Between Sept. 11, 2001, and his State of the Union Address in 2002, George W. Bush had America in the palm of his hand.
But in that speech, Bush blew it. Singling out Iran, Iraq and North Korea as state sponsors of terror seeking weapons of mass destruction, Bush yoked them together in an "axis of evil" and issued this ultimatum: "I will not wait on events, while dangers gather. I will not stand by, as peril draws closer and closer. The United States of America will not permit the world's most dangerous regimes to threaten us with the world's most destructive weapons."
Neoconservatives celebrated this bellicosity as neo-Churchillian. Yet all it accomplished was to fracture the U.S. and foreign coalitions that had united behind Bush. As some of us wrote at the time, to call Iran and Iraq, mortal enemies in the eight-year war of the '80s that took a million lives, an "axis" was absurd.

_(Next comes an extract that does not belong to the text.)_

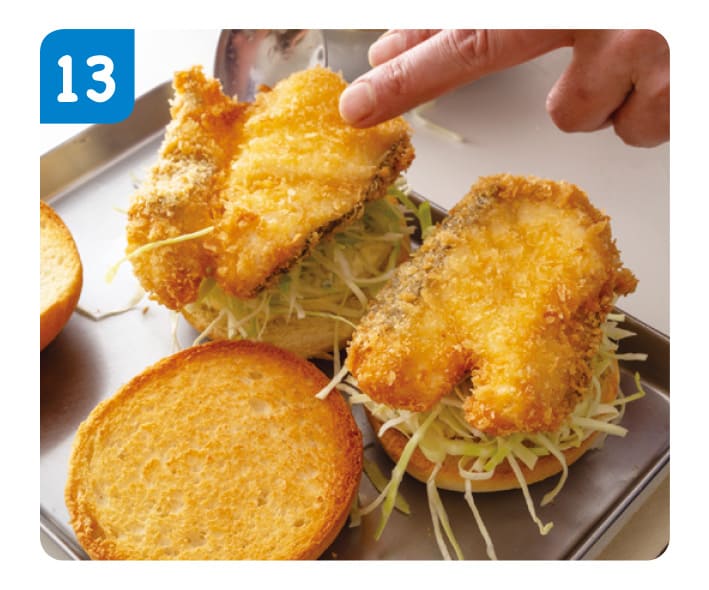 たらは2つに切って合わせて、バンズにはさみやすい形にととのえるよ。

Bush's speech was a blunder of the first magnitude. First, he had no authority to attack any of those nations, as Congress had not authorized war. Second, he had neither the plans nor forces in place to do so. Yet he had put all three on notice this was what he had in mind.

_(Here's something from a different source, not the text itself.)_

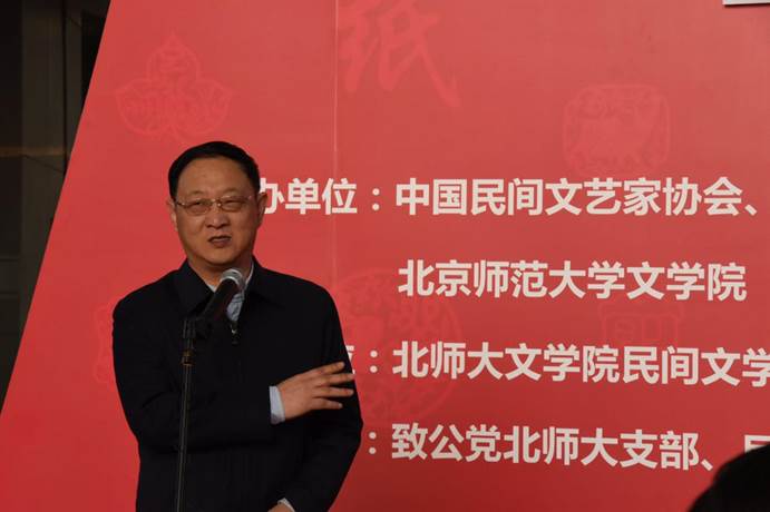 北师大校党委副书记、纪委书记孙红培宣布展览正式开幕。他对本次展览给予了高度评价,他指出,民间文化是我们每个人的精神家园,民间艺术是支持每个人成长的精神源泉。剪纸作为民间艺术的代表,内容丰富,题材多样,既反映了民众生产生活的真实场景,又包含了民众对美好生活的向往,是优秀传统文化的形象展现。此次展览正是尝试用生动、立体的方式让在校的同学们体验和了解中国传统文化,树立文化自信。

When the United States invaded Iraq, North Korea and Iran got the message. Both accelerated their nuclear programs.
By issuing public ultimatums, Bush left these regimes no way out. Even tiny Serbia felt its national honor required it to fight rather than submit to a U.S. ultimatum to let NATO march through the country to occupy Kosovo.
Now Kim Jong-Il, though his July 4 test of the Taepodong-2 missile seems to have Roman-candled and his plutonium bomb may have misfired, has openly defied the Bush Doctrine. Arguably the world's worst regime has acquired the world's worst weapon.
Bush's response? He went to the United Nations to plead for sanctions.
Will the sanctions work? Why should they? As columnist Tony Blankley has argued, this is a regime that, to ensure its isolation and ideological purity, allowed millions of its people to starve to death. The cruelties the Hermit Kingdom has imposed upon its own to guarantee that America will not be tempted to attack are astounding. This is not a crowd that will give up its atom bomb for BMWs.
Because of the bluster-and-bluff of President Bush, the United States is today eyeball-to-eyeball with Iran and North Korea over their nuclear programs, and neither of these regimes appears ready to blink.
Are we headed down the road again, as we were in the Balkans and Iraq, toward wars that will be even bigger and bloodier?